MATERIAL PROVIDED
------------------------------------------------

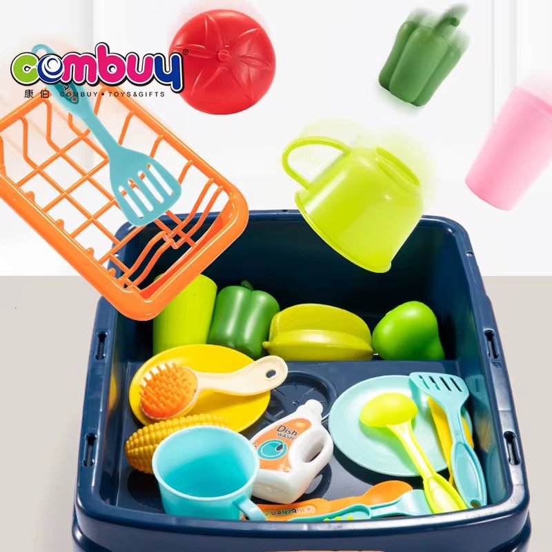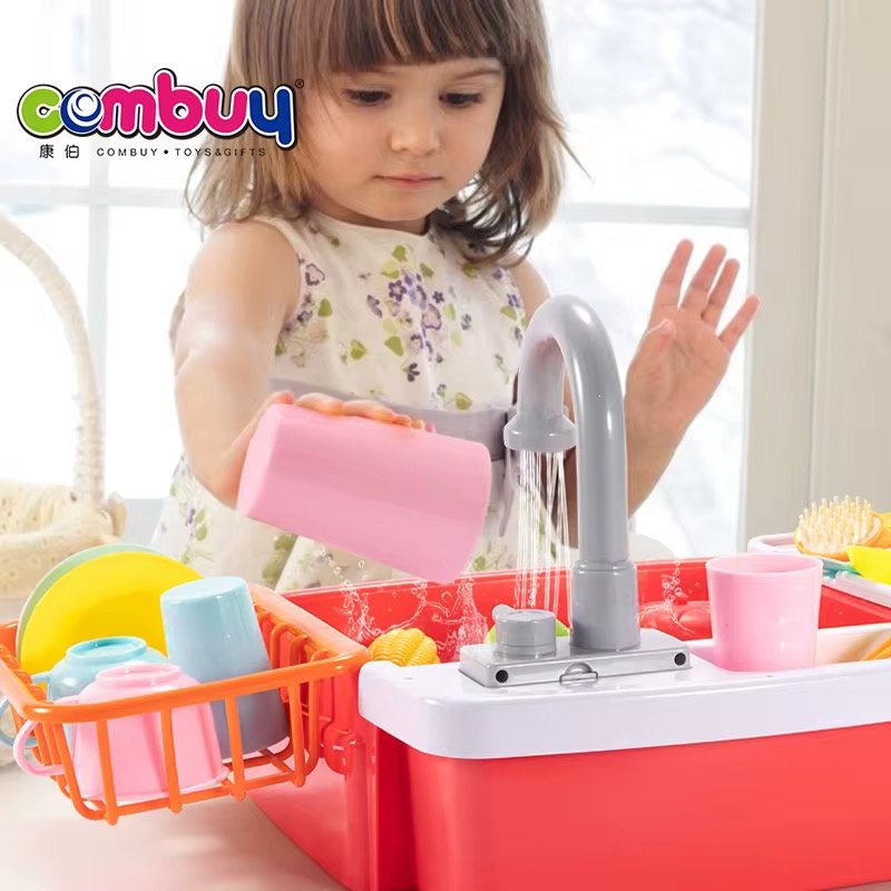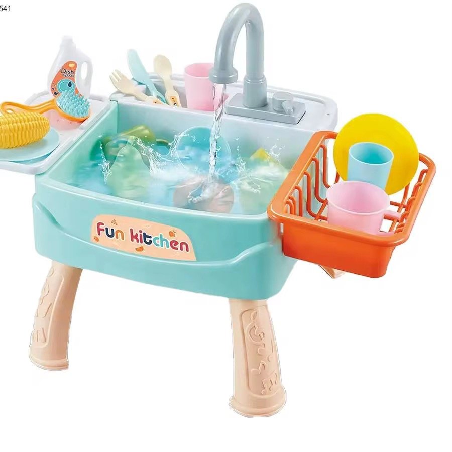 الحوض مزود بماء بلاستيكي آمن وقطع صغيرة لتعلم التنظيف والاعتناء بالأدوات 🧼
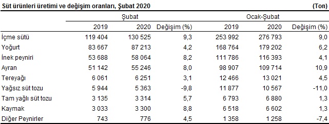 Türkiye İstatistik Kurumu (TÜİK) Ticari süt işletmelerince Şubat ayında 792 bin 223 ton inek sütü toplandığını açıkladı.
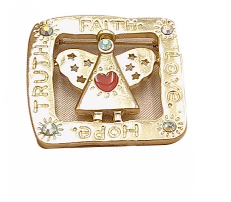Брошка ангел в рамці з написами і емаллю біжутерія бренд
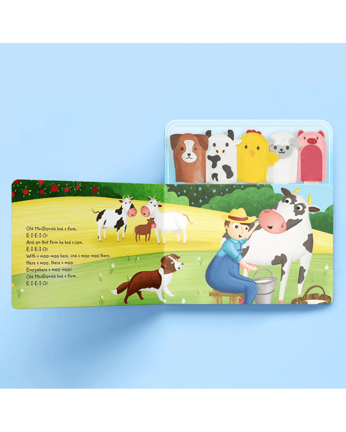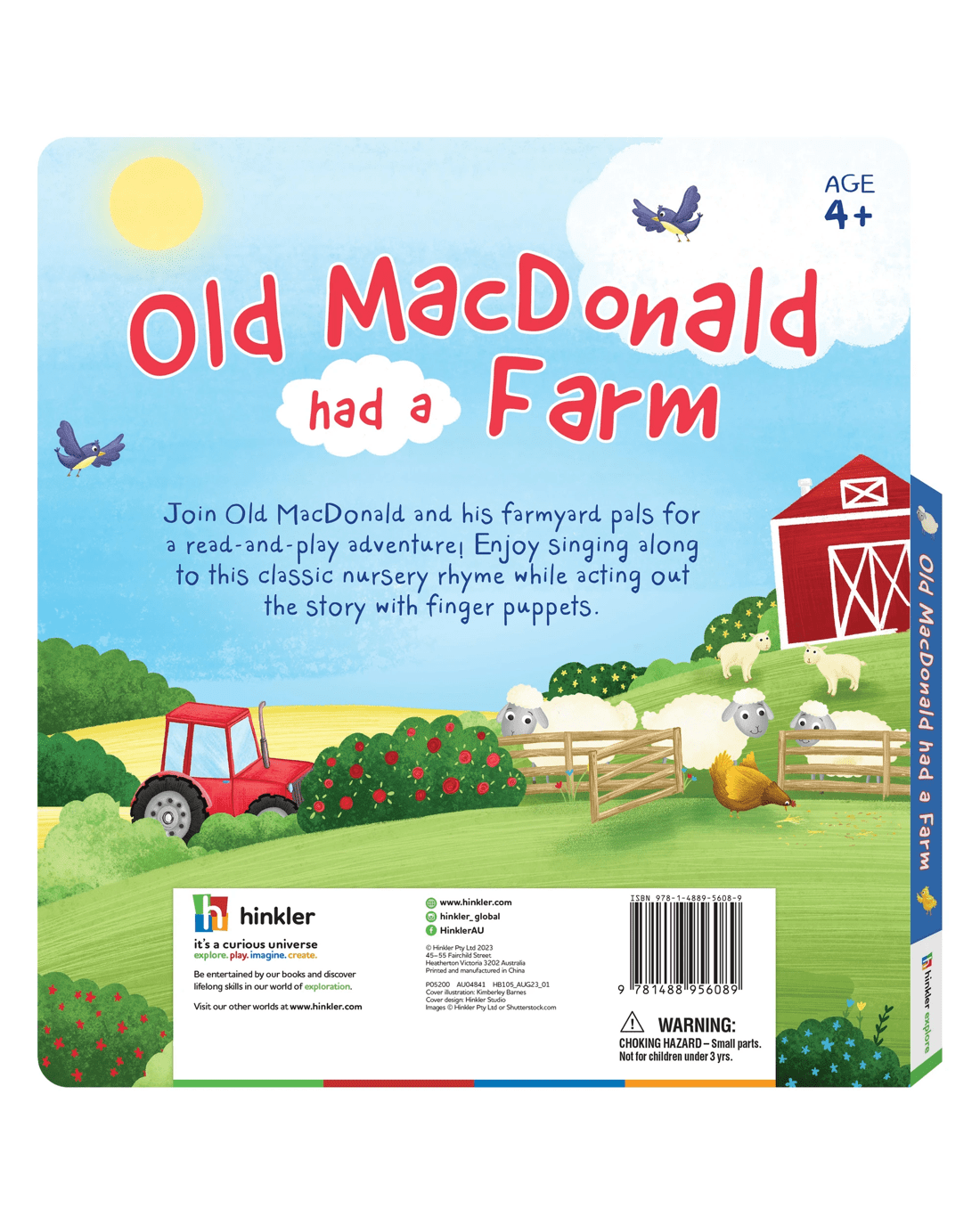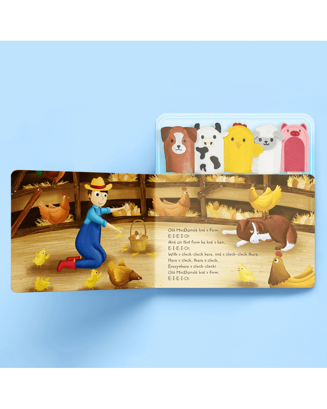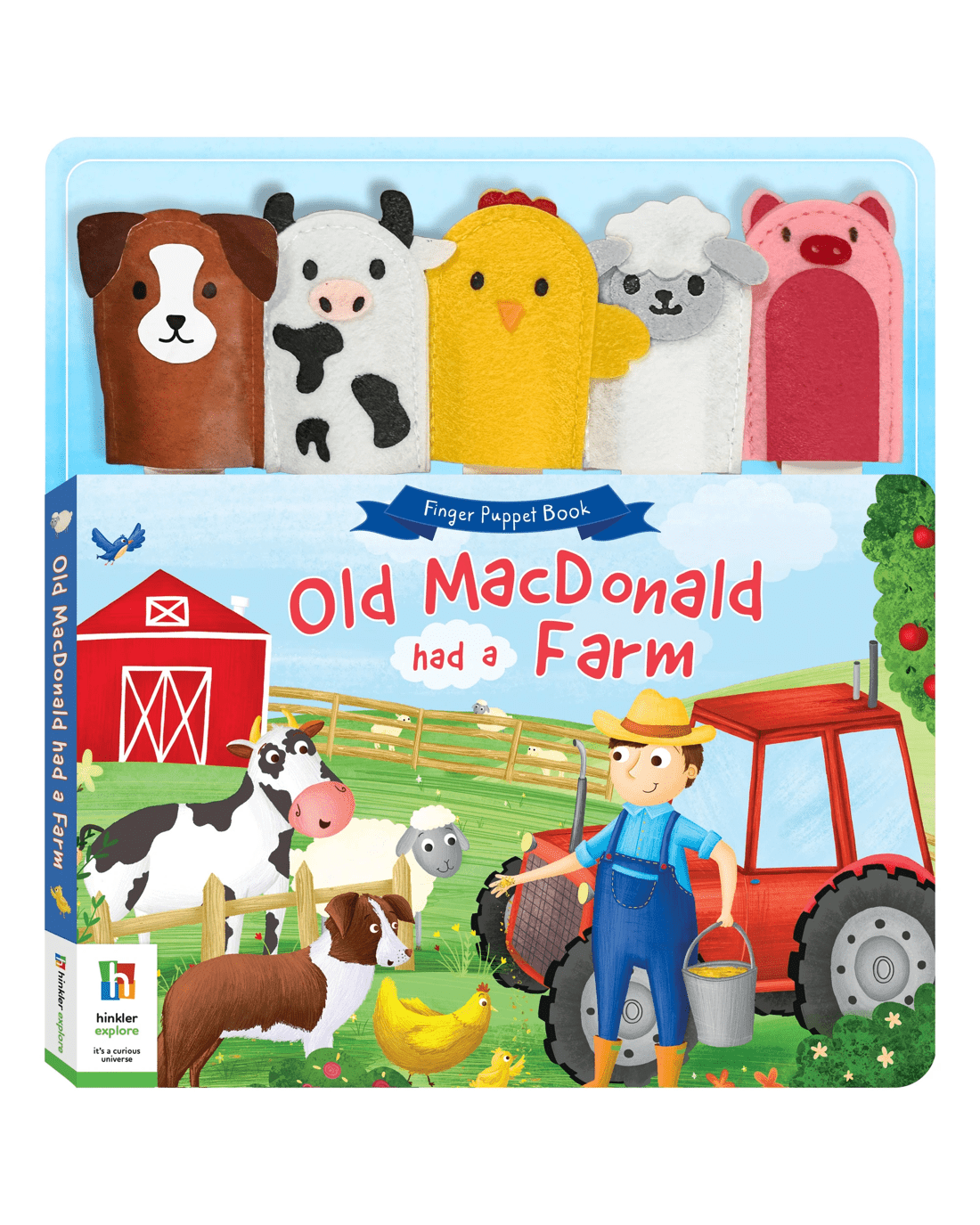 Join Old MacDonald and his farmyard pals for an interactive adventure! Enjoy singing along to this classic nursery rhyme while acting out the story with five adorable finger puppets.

------------------------------------------------

TASK DIRECTIONS
Leaving each image aside, repeat the listing above exactly.

YOUR RESPONSE
 الحوض مزود بماء بلاستيكي آمن وقطع صغيرة لتعلم التنظيف والاعتناء بالأدوات 🧼
 Türkiye İstatistik Kurumu (TÜİK) Ticari süt işletmelerince Şubat ayında 792 bin 223 ton inek sütü toplandığını açıkladı.
Брошка ангел в рамці з написами і емаллю біжутерія бренд
 Join Old MacDonald and his farmyard pals for an interactive adventure! Enjoy singing along to this classic nursery rhyme while acting out the story with five adorable finger puppets.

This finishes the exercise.